From Fedora Project Wiki

Tips&tricks for updates of Perl packages.

Updates of Perl core modules

Old style of updates: update whole perl core package. Creating updates of modules in main perl package is complicated, sometimes almost impossible because of change in directories/paths inside of the main package.

Why we need updated modules: e.g. Module::Build is used for build and installation. New packages need the latest version, which makes the process of packaging perl modules slower and painful. This process should help maintainability of core perl package.

Maintainer: The maintainer of (main) perl package should be (co-)maintainer of the new package.

How update core modules e.g. Module::Build

  1. create separated module with cpanspec
  2. check whether module has Epoch in perl.spec
  3. install dual life packages into vendor because of conflicting debuginfos
  4. check with rpmdev-vercmp whether version is really higher because of difference in rpm/cpan versions
  5. review in bz, cvs, build, update

Be careful with backporting updates into older releases of Fedora. Some older packages could have troubles e.g. with new Module::Build.

Updates of perl modules

For updates has been developed Fedora::App::MaintainerTools

Usage:

maintainertool updatespec perl-Something.spec

What does it do:

  • download new source
  • change BuildRequirements and Requirements
  • write changes into changelog
* Fri Jul 09 2010 Marcela Mašláňová <mmaslano@redhat.com> 3.65-1
- update by Fedora::App::MaintainerTools 0.006
- updating to latest GA CPAN version (3.65)
- added a new br on perl(ExtUtils::MakeMaker) (version 0)
- altered br on perl(HTML::Tagset) (3.03, => 3)
- added a new br on perl(Test::More) (version 0)
- added a new br on perl(XSLoader) (version 0)
- altered req on perl(HTML::Tagset) (3.03 => 3)
- added a new req on perl(XSLoader) (version 0)

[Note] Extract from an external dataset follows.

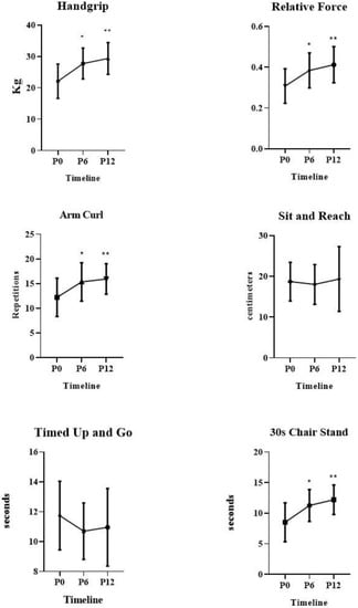 In repeated measures comparisons (P0 vs. P6 vs. P12), the ANOVA results demonstrated the patients had significant changes in the following variables: handgrip strength (p = 0.0001), relative strength (p = 0.0001), arm curl test (p = 0.0002), and 30 s chair stand (p = 0.0001). Additionally, there were no differences in the following variables: timed up and go (p = 0.107), sit and reach (p = 0.625).

But, maintainertool can't handle unusual macros like: Name: perl-%{real_name}. This module wasn't packaged, because it's still under development and BR RPM::VersionSort doesn't have license.

Upgrades of perl interpreter

If you upgrade interpreter to binary compatible version, just add the Provides: perl(:MODULE_COMPAT_major.minor.micro) to set of similar provides.

If you upgrade to binary incompatible but application compatible version, provide the new MODULE_COMPAT symbol and rebuild all perl packages. Rebuilding architecture specific packages should be enough.

If you upgrade to application incompatible version, you need to provide new MODULE_COMPAT symbol, remove all previous MODULE_COMPAT symbols, and rebuild all perl packages (architecture specific to compile/link to new libperl and noarch to get new MODULE_COMPAT Requires into binary packages).

Rebuilding all perl packages consumes a lot of time (1845 spec files in year 2011) and hits a lot of bugs in spec files like missing BuildRequires, cyclic dependencies etc. You can use scripts from perl-Fedora-Rebuild package to rebuild all perl packages in correct (not always correct because of dual-lived modules) order and in parallel manner (to save time). There is a script that lists names of all source packages producing perl binary packages (those that requires MODULE_COMPAT macro) too. Not to burden regular rawhide users and packagers, request dedicated build root in Koji by filling a rel-eng ticket and request merging the build root back to rawhide then.

Be ware you cannot drop old MODULE_COMPAT symbol from perl immediately because minimal build root contains few packages that require Perl at run-time (list Koji group build or see root.log) and could not be installed to prepare build root in Koji. You can drop the provided MODULE_COMPAT symbols after rebuilding those perl dependencies (currently: git, perl-Error, perl-PathTools, perl-Scalar-List-Utils, perl-threads-shared, perl-threads, perl).